● Work to be completed: Pictures in the records below must be left out. Return exactly the lines from the line with "Stadtführung durch die" to the line with "日前,彬长矿业胡家河矿紧紧围绕安全发展稳定大局,开展丰富多彩的系列主题活动...", both included.

(Items from a dataset)
-*-

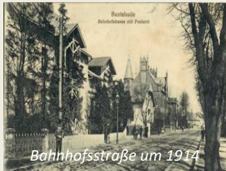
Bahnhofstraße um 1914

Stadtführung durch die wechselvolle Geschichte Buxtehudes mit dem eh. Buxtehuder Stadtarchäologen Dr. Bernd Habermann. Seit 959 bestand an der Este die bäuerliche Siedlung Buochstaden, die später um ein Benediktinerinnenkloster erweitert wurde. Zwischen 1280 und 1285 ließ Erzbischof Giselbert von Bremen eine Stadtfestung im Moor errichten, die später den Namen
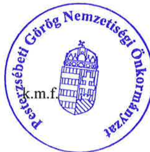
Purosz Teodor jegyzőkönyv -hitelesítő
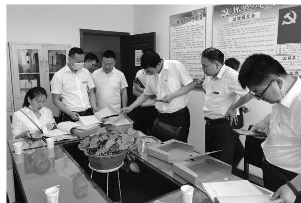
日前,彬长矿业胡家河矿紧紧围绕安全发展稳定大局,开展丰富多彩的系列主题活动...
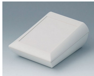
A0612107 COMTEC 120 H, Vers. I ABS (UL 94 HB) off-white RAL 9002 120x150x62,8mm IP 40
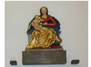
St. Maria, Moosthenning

-*-

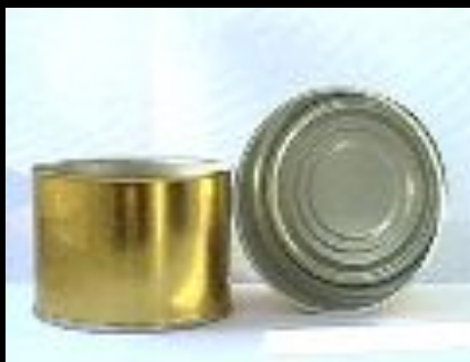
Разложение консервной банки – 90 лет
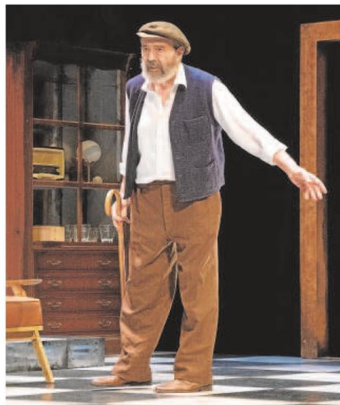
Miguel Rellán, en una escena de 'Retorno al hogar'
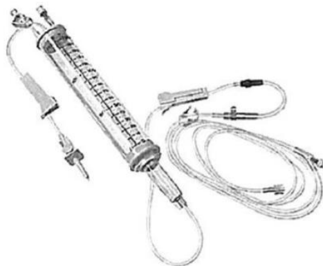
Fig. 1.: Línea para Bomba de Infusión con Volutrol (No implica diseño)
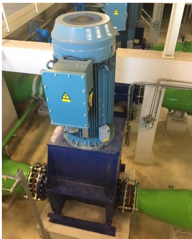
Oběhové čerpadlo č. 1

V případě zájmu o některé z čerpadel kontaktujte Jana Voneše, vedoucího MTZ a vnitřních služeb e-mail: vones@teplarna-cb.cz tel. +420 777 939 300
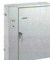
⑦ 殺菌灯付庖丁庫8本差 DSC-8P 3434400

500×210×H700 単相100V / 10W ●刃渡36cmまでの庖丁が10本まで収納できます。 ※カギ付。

-*-

● Exercise solution:
Stadtführung durch die wechselvolle Geschichte Buxtehudes mit dem eh. Buxtehuder Stadtarchäologen Dr. Bernd Habermann. Seit 959 bestand an der Este die bäuerliche Siedlung Buochstaden, die später um ein Benediktinerinnenkloster erweitert wurde. Zwischen 1280 und 1285 ließ Erzbischof Giselbert von Bremen eine Stadtfestung im Moor errichten, die später den Namen
Purosz Teodor jegyzőkönyv -hitelesítő
日前,彬长矿业胡家河矿紧紧围绕安全发展稳定大局,开展丰富多彩的系列主题活动...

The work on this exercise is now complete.